The traditional hydrogen-rich stream carbon trapping technology mainly comprises a pressure swing adsorption method, a low-temperature separation method, a solvent absorption method and a membrane separation method (a metal palladium membrane diffusion method, a polymer membrane separation method, a porous inorganic membrane separation method and a MOF membrane separation method), but the methods have certain defects. For example, the pressure swing adsorption method is widely used for purifying processes after various crude hydrogen preparation such as methanol cracking and coke oven gas, and the like, and has large occupied area and high investment cost. The cryogenic separation process is suitable for the large-scale hydrogen purification industry where hydrogen content is low, and requires continuous cooling using a compressor, so that energy consumption is large and the difficulty of temperature control operation is large. The solvent absorption method has relatively mature process and high carbon dioxide removal rate, but the absorption solution is lossy and the equipment energy consumption is higher.
Disclosure of Invention
The invention aims to provide a supersonic carbon capture energy recovery device for industrial hydrogen production, which effectively solves the defects of the traditional hydrogen-rich stream carbon capture technology.

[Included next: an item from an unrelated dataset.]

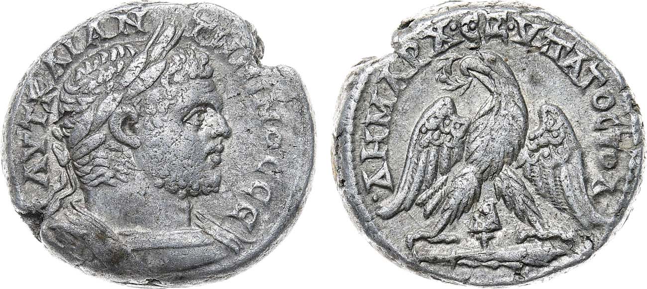 Серебро. 14,62г. Монетный двор г.Тир. Аверс: "AVT KAI ANTωNINOC CЄ" драпированный бюст императора в лавровом венке вправо. Реверс: "ΔHM APX • ЄΞ YΠATO TO • Γ •" орёл, стоящий на палице вправо, голова и хвост влево, с расправленными крыльями, с венком в клюве; между лапами раковина мурекcа. VF.

In order to solve the technical problems, the invention adopts the following technical scheme:
A supersonic carbon capture energy recovery device for industrial hydrogen production comprises a vertical gas-liquid cyclone separator and a Laval nozzle, wherein the vertical gas-liquid cyclone separator is provided with a cylinder body, an inlet pipe, a rotary gas-liquid separation assembly positioned in the cylinder body, a gas phase outlet pipe positioned at the upper part of the cylinder body and a liquid phase outlet pipe positioned at the bottom of the cylinder body.
The outlet of the inlet pipe is communicated with the inlet of the rotary gas-liquid separation assembly, and the inlet of the gas-phase outlet pipe is communicated with the gas outlet of the rotary gas-liquid separation assembly.
The outlet of the Laval nozzle is connected with the inlet of the inlet pipe, and the outlet of the inlet pipe is provided with an impeller for energy recovery.
And a refrigerating coil is arranged below the rotary gas-liquid separation assembly, and is connected into a refrigerating circulation system.
Further, an impeller shaft is arranged on the impeller, penetrates through the cylinder body, and a generator is connected to the end portion of the impeller shaft.
Further, the refrigeration cycle system is a propane refrigeration cycle system and comprises a compressor, a heat exchanger and an expansion valve which are sequentially connected, an air outlet pipe of the expansion valve is connected with an air inlet of a refrigeration coil, and an air outlet of the refrigeration coil is connected with an air return pipe of the compressor.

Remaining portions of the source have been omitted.